--- Problem details ---
Extract each line of the records below that contains the word "dans".

[[ Recorded data, beginning ]]

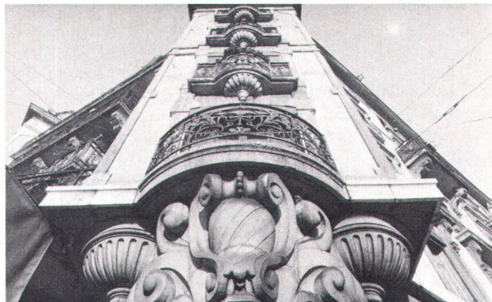
Rond-point de la Jonction, à Genève, fronton décoré dans le style «art nouveau» et dû à Jacques van Leisen (photo du Service des monuments et des sites)

Zehn Kunstgeschichtler der Heimatschutz-Sektion Genf wollten wissen, was es mit dem Verruf dieser Zeit auf sich hat. Quartierweise, Strasse um Strasse haben sie alle Gebäude erfasst, die «rehabilitiert» zu werden verdienen, um nach einem heiklen Auswahlverfahren dem Publikum 12 ansprechende Rundgänge durch das Genf des 19. Jahrhunderts vorschlagen zu können. Das Buch richtet sich an alle, die die Rhonestadt lieben, besonders aber an alle Genfer, die hier eine zusätzliche Begründung erhalten, ihre Stadt zu schätzen und sich für ihre Erhaltung einzusetzen.
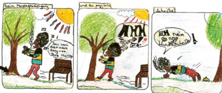
Beim Morgenspaziergang ... und da passiert es ... scheiße

Comicserie Das Leben des Jamaica Freaks Frederik, 11 Jahre
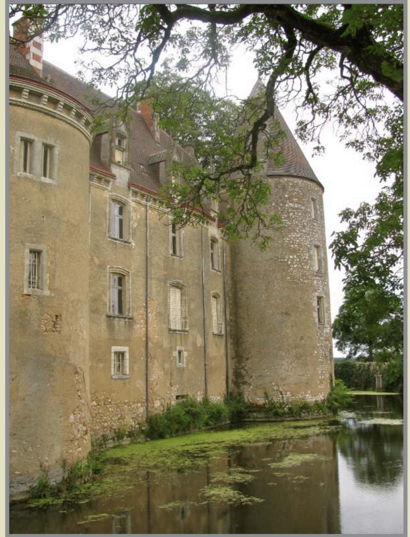
...et sa partie plus récente.
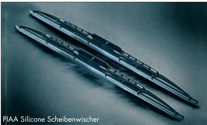
PIAA Silicone Scheibenwischer
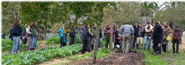
Une visite au Bec Hellouin en Normandie

Comme exercice pratique de « permaculture humaine », une grande rencontre avec les acteurs du secteur est organisée pendant une des journées du stage. Elle permet aux participants de s'exercer « en temps réel » aux méthodes d'intelligence collective et de rencontrer des personnes avec lesquelles ils pourront collaborer dans le futur.
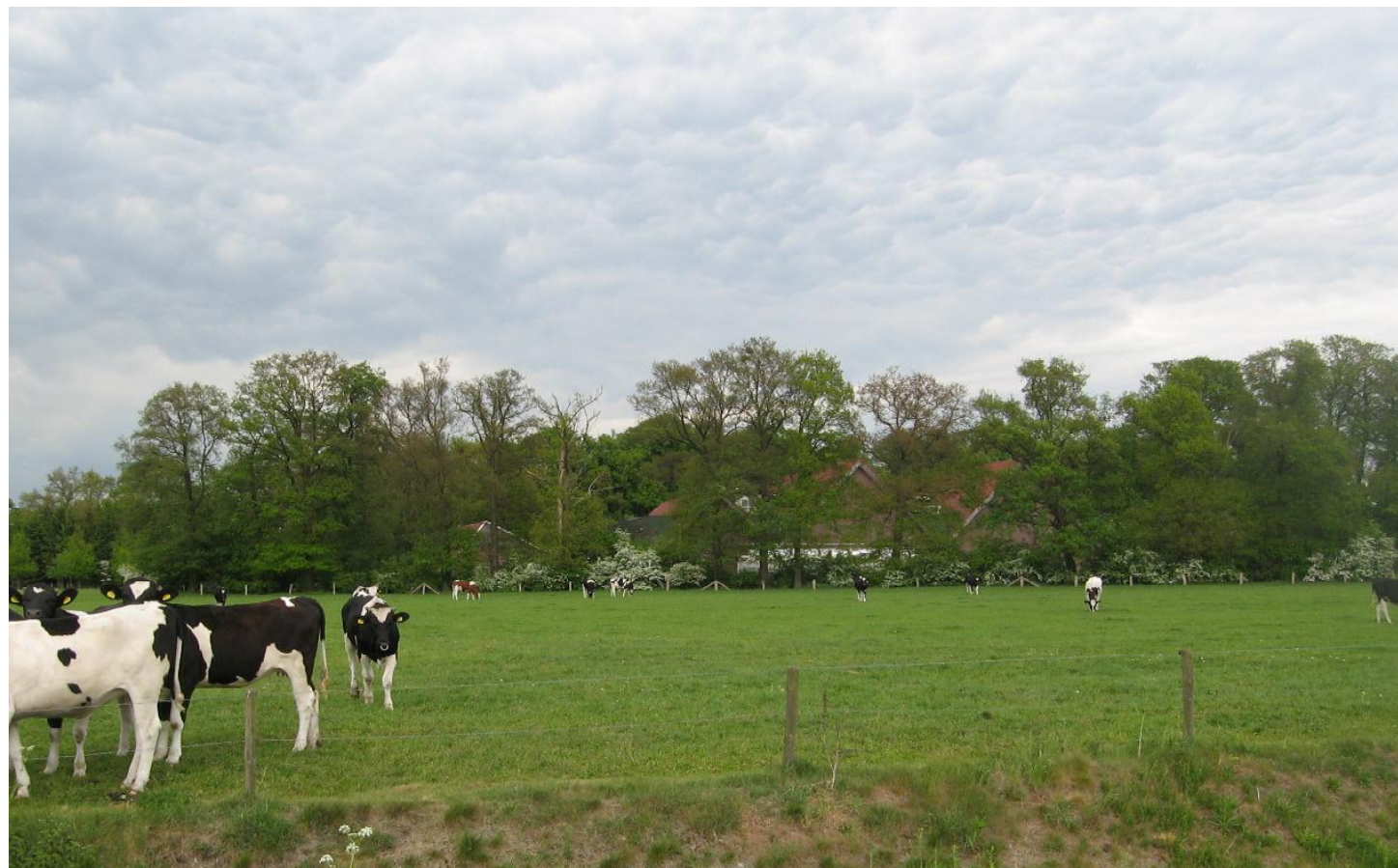
05 bestaande situatie

[[ Recorded data, end ]]

--- Result ---
Rond-point de la Jonction, à Genève, fronton décoré dans le style «art nouveau» et dû à Jacques van Leisen (photo du Service des monuments et des sites)
Comme exercice pratique de « permaculture humaine », une grande rencontre avec les acteurs du secteur est organisée pendant une des journées du stage. Elle permet aux participants de s'exercer « en temps réel » aux méthodes d'intelligence collective et de rencontrer des personnes avec lesquelles ils pourront collaborer dans le futur.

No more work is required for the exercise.